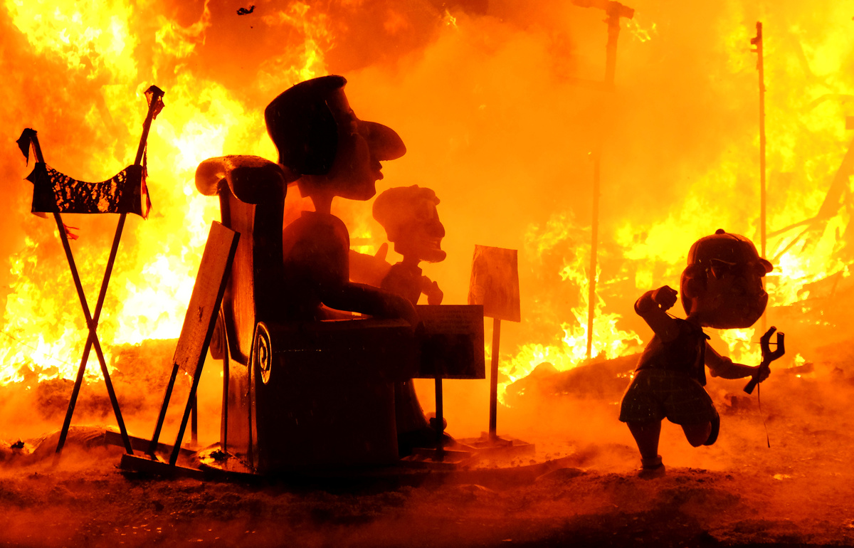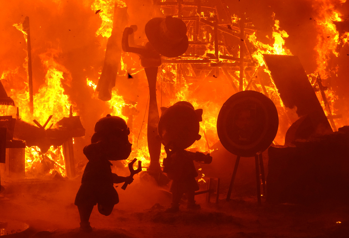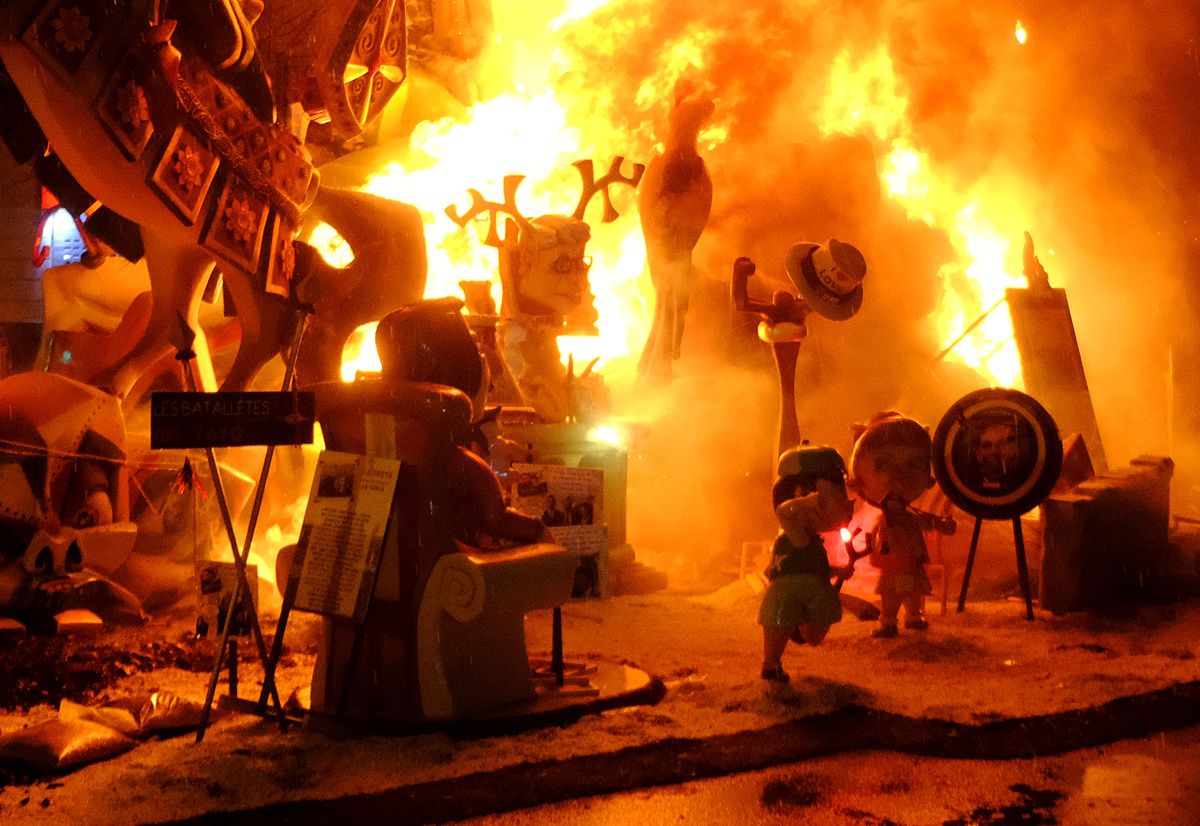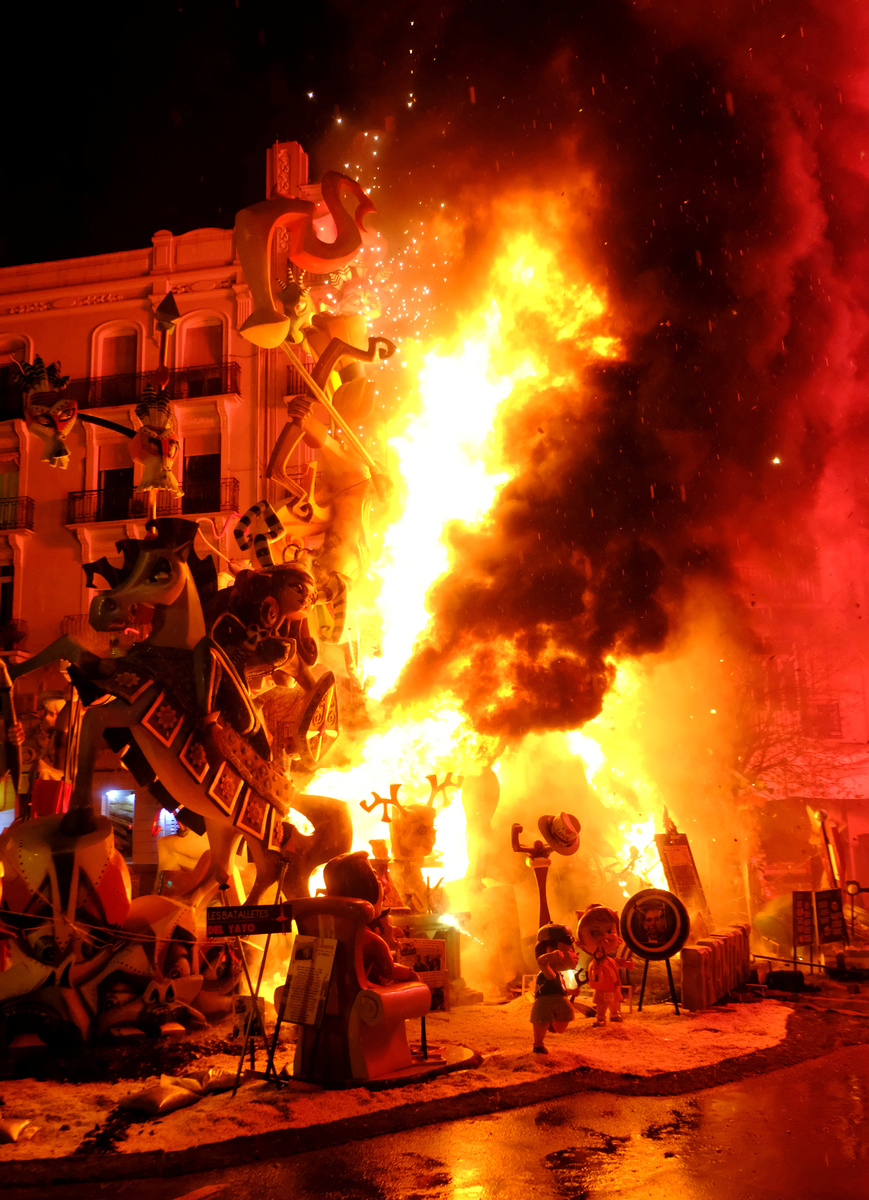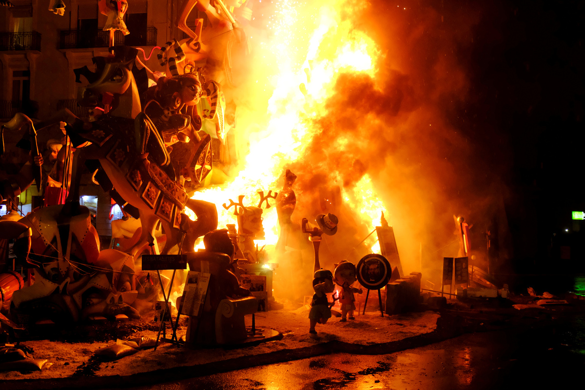 Each year, members of the public vote on their favorite sculptures to save the best two from the final bonfire called "Cremà".
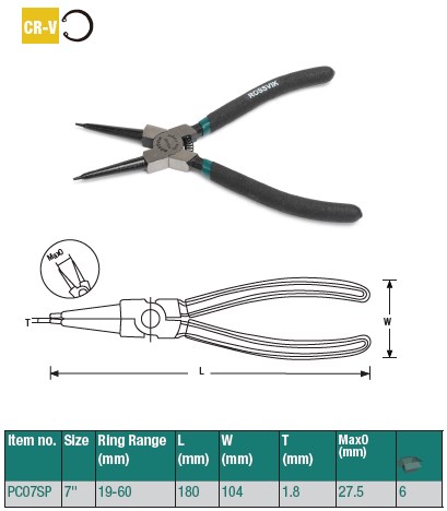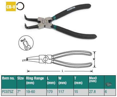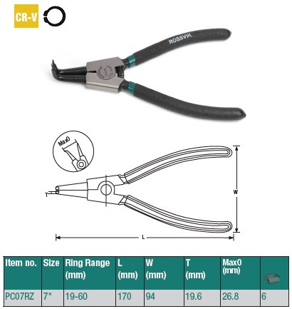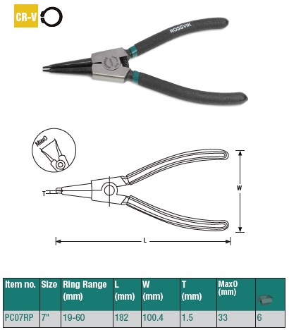 Щипцы для стопорных колец ROSSVIK PC07RP, разжим прямой, захват до 37 мм, длина 180 мм
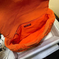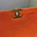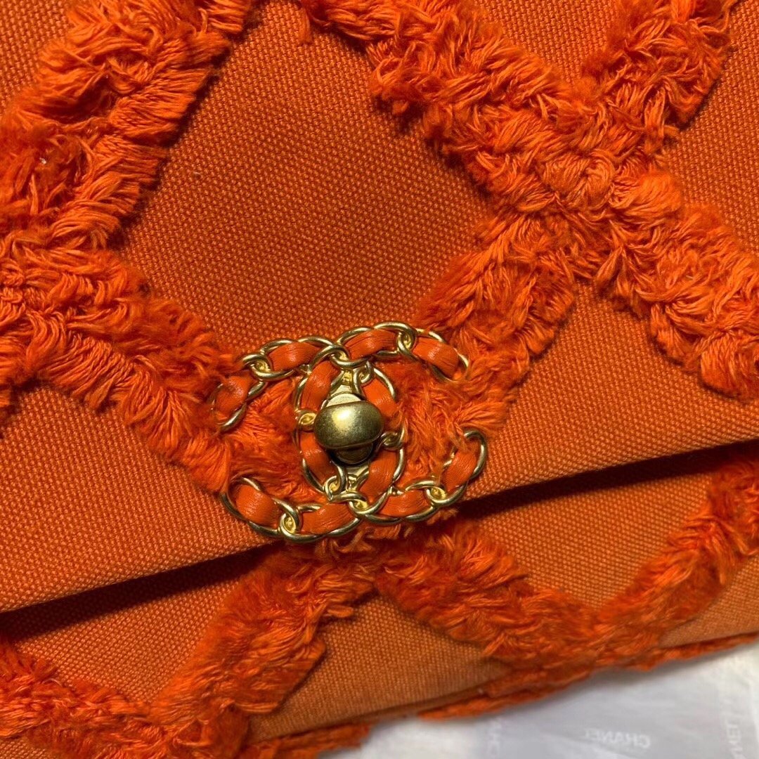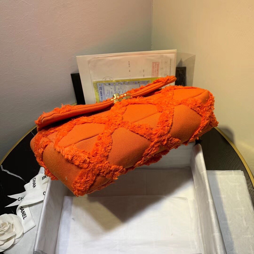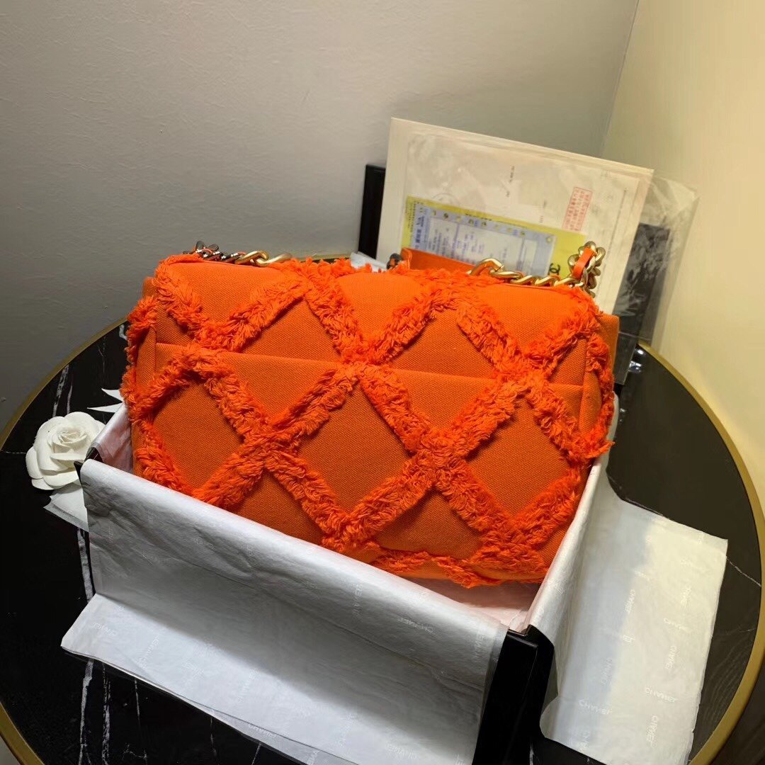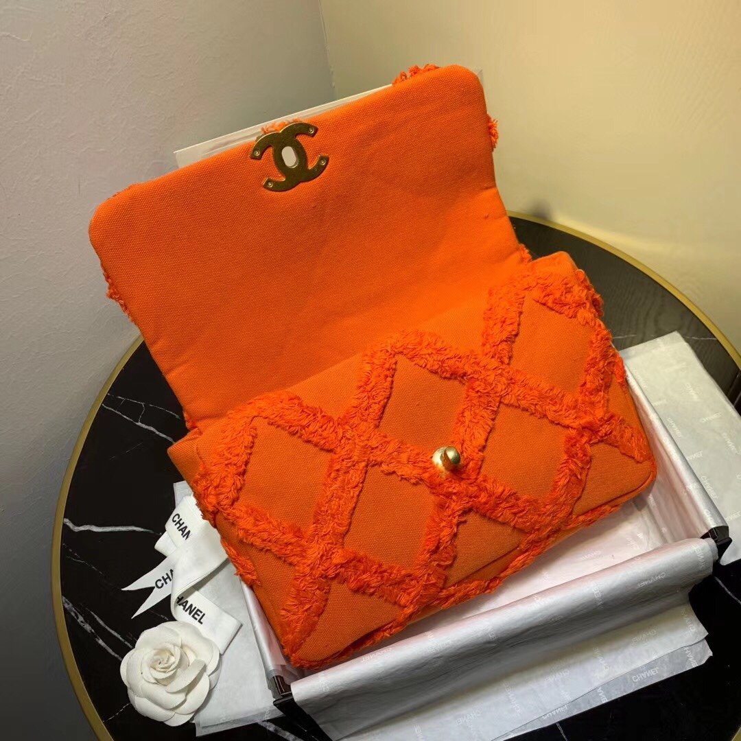 We this is an CHANEL Quilted Medium Chanel 19 Flap Orange or This pillowy soft shoulder bag is crafted of oversized quilted goatskin leather in orange. The refined bag features a chain detail CC turn-lock on the flap, a magnetic snap pocket on the back, a chunky matte gold chain top handle, and a leather threaded gradient gold to ruthenium chain-link shoulder strap. The front flap opens to a fabric interior with a zipper pocket. This versatile bag is essential for any Chanel aficionado!

→ What to do
All the lines above need to be repeated exactly, with no pictures carried over.

→ Answer to the exercise
 Each year, members of the public vote on their favorite sculptures to save the best two from the final bonfire called "Cremà".
 Щипцы для стопорных колец ROSSVIK PC07RP, разжим прямой, захват до 37 мм, длина 180 мм
 We this is an CHANEL Quilted Medium Chanel 19 Flap Orange or This pillowy soft shoulder bag is crafted of oversized quilted goatskin leather in orange. The refined bag features a chain detail CC turn-lock on the flap, a magnetic snap pocket on the back, a chunky matte gold chain top handle, and a leather threaded gradient gold to ruthenium chain-link shoulder strap. The front flap opens to a fabric interior with a zipper pocket. This versatile bag is essential for any Chanel aficionado!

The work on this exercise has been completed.